→ BRIEF: Retype the records below exactly as they stand, omitting the pictures.

· · · · · · ·

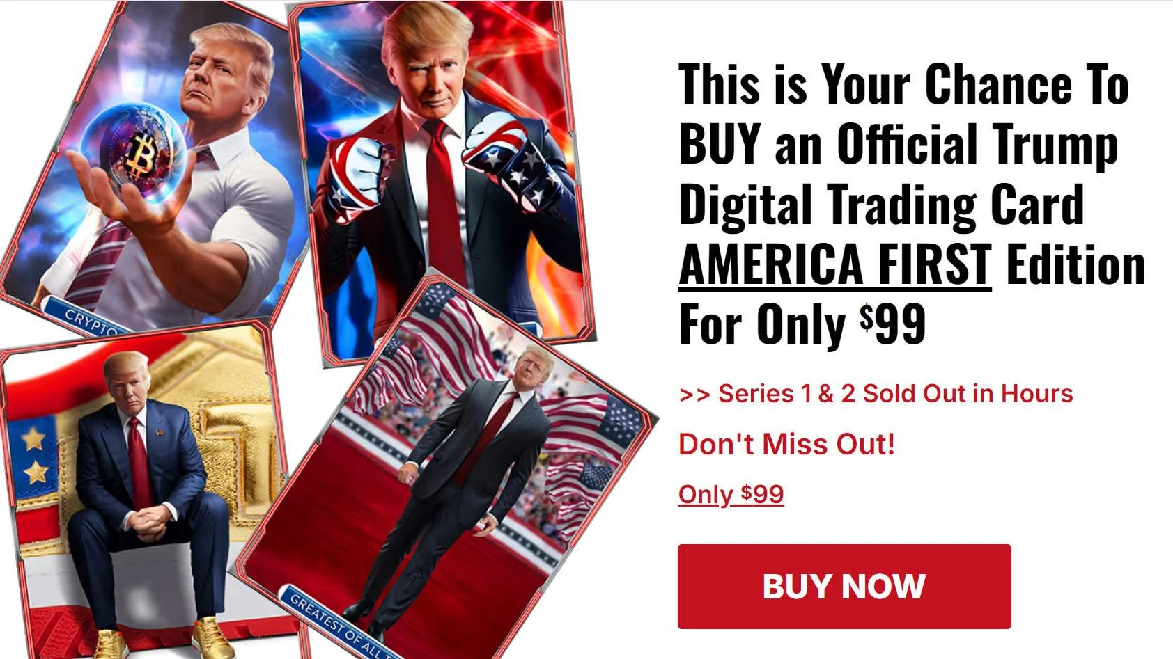 8 月 27 日晚 10 点半,美国前总统、 2024 年大选共和党候选人特朗普在自己的社交媒体平台 Truth Social 上公布了此前预热过的第四系列 NFT:“特朗普数字交易卡,第四系列:美国优先”。购买 75 个 NFT(价值 7425 美元)以上,就可以获得和特朗普在佛罗里达州共进晚餐的机会,以及限量版球鞋等多项权益。
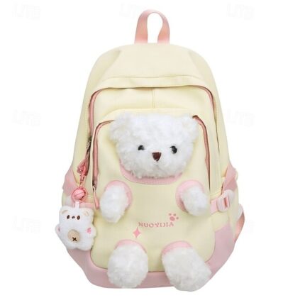 Girls’ Yellow and Pink School Backpack with Plush Teddy
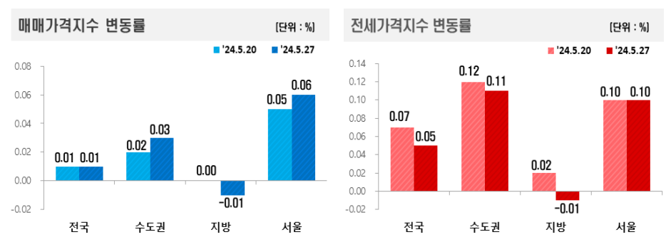 수도권의 매매가격은 0.03% 상승했으며, 특히 서울은 0.06% 상승했습니다. 서울의 경우, 주요 관심 단지를 중심으로 매수 문의가 꾸준히 유지되면서 저가 매물이 소진된 후 일부 상승 거래가 발생했습니다.
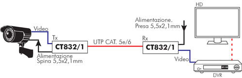 Il balun passivo CT832/1 è un convertitore per la trasmisione del segnale video e dell'alimentazione su cavo twistato Cat5 o superiore per applicazioni TVCC. L'utilizzo di due dispositivi (trasmettitore e ricevitore) consente la trasmissione del segnale video e dell'alimentazione senza necessità di alimentazione esterna del convertitore stesso. Esso dispone da un lato di un cavetto con connettore BNC e di un cavetto con connettore di alimentazione DC (5,5x2,1mm) per il collegamento del dispositivo video (telecamera e monitor) e dall'altro di un connettore RJ45 per il cavo Cat5. Una coppia viene utilizzata per il segnale video e tre coppie per la tensione di alimentazione. Per la corretta installazione del prodotto, collegare, il dispositivo con la spina DC al trasmettitore (lato telecamera) e il dispositivo con la presa DC al ricevitore (DVR). ** Caratteristiche elettriche ** Adatto per: Telecamere CCTV, Monitor, DVR Formato Video: PAL, NTSC, SECAM, AHD, HD-CVI, HD-TVI Distanza trasmissione: vedi tabella Cavo consigliato: UTP Cat5 o superiore 24-22AWG Trasmissione alimentazione: max 24Vac/dc Distanza alimentazione: in base alla caduta sul cavo Cat5 Alimentazione: Non richiesta Reiezione modo comune/modo differenziale: 60dB typ (15KHz-42MHz) Impedenza: Coassiale 75ohm, UTP 100ohm Attenuazione: 1.5 dB typ Max ** Connettori ** Video: BNC maschio Power: Spina e Presa 5,5x2,1mm Cavo Cat5: RJ45 ** Protezioni ** Sovratensione: Stato solido TVS (Transient Voltage Suppressor) Video Input: 2KV (modo comune) Video Output: 2KV (modo differenziale) ** Caratteristiche meccaniche ** Corpo: plastico Protezione: IP20 Colore: Nero Dimensioni(LxWxH): 65x36x25mm Temperatura di lavoro: -10º ~ 40ºC Attenzione: Non utilizzare in ambienti esterni.
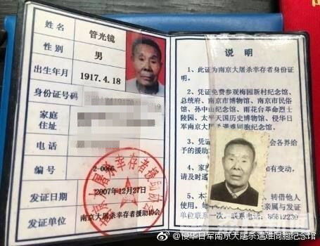 因为恰好躲在大石头下,管光镜侥幸还生。之后的日子里,他在日军烧杀抢掠中东躲西藏,这才幸免于难。在第四个国家公祭日来临前夕,这位南京大屠杀最年长的幸存者与世长辞,享年100岁。
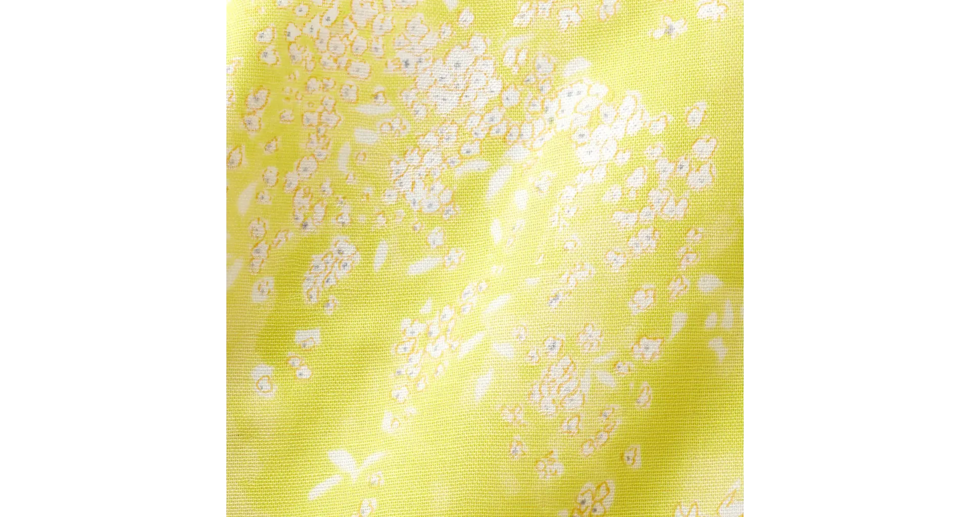 Vzor Lei Nani je inspirován havajskými květinovými věnci „lei“. Tvoří jej drobné bílé kvítky na světlém, pastelovém pozadí; jako byste rozpletli květinovou girlandu a trsy kytiček, okvětní plátky a lístky rozházeli po celé ploše látky. Bílou malbu tu a tam zvýrazňují bledě modré a perleťové stříbrné akcenty.

· · · · · · ·

→ WRITTEN SOLUTION:
 8 月 27 日晚 10 点半,美国前总统、 2024 年大选共和党候选人特朗普在自己的社交媒体平台 Truth Social 上公布了此前预热过的第四系列 NFT:“特朗普数字交易卡,第四系列:美国优先”。购买 75 个 NFT(价值 7425 美元)以上,就可以获得和特朗普在佛罗里达州共进晚餐的机会,以及限量版球鞋等多项权益。
 Girls’ Yellow and Pink School Backpack with Plush Teddy
 수도권의 매매가격은 0.03% 상승했으며, 특히 서울은 0.06% 상승했습니다. 서울의 경우, 주요 관심 단지를 중심으로 매수 문의가 꾸준히 유지되면서 저가 매물이 소진된 후 일부 상승 거래가 발생했습니다.
 Il balun passivo CT832/1 è un convertitore per la trasmisione del segnale video e dell'alimentazione su cavo twistato Cat5 o superiore per applicazioni TVCC. L'utilizzo di due dispositivi (trasmettitore e ricevitore) consente la trasmissione del segnale video e dell'alimentazione senza necessità di alimentazione esterna del convertitore stesso. Esso dispone da un lato di un cavetto con connettore BNC e di un cavetto con connettore di alimentazione DC (5,5x2,1mm) per il collegamento del dispositivo video (telecamera e monitor) e dall'altro di un connettore RJ45 per il cavo Cat5. Una coppia viene utilizzata per il segnale video e tre coppie per la tensione di alimentazione. Per la corretta installazione del prodotto, collegare, il dispositivo con la spina DC al trasmettitore (lato telecamera) e il dispositivo con la presa DC al ricevitore (DVR). ** Caratteristiche elettriche ** Adatto per: Telecamere CCTV, Monitor, DVR Formato Video: PAL, NTSC, SECAM, AHD, HD-CVI, HD-TVI Distanza trasmissione: vedi tabella Cavo consigliato: UTP Cat5 o superiore 24-22AWG Trasmissione alimentazione: max 24Vac/dc Distanza alimentazione: in base alla caduta sul cavo Cat5 Alimentazione: Non richiesta Reiezione modo comune/modo differenziale: 60dB typ (15KHz-42MHz) Impedenza: Coassiale 75ohm, UTP 100ohm Attenuazione: 1.5 dB typ Max ** Connettori ** Video: BNC maschio Power: Spina e Presa 5,5x2,1mm Cavo Cat5: RJ45 ** Protezioni ** Sovratensione: Stato solido TVS (Transient Voltage Suppressor) Video Input: 2KV (modo comune) Video Output: 2KV (modo differenziale) ** Caratteristiche meccaniche ** Corpo: plastico Protezione: IP20 Colore: Nero Dimensioni(LxWxH): 65x36x25mm Temperatura di lavoro: -10º ~ 40ºC Attenzione: Non utilizzare in ambienti esterni.
 因为恰好躲在大石头下,管光镜侥幸还生。之后的日子里,他在日军烧杀抢掠中东躲西藏,这才幸免于难。在第四个国家公祭日来临前夕,这位南京大屠杀最年长的幸存者与世长辞,享年100岁。
 Vzor Lei Nani je inspirován havajskými květinovými věnci „lei“. Tvoří jej drobné bílé kvítky na světlém, pastelovém pozadí; jako byste rozpletli květinovou girlandu a trsy kytiček, okvětní plátky a lístky rozházeli po celé ploše látky. Bílou malbu tu a tam zvýrazňují bledě modré a perleťové stříbrné akcenty.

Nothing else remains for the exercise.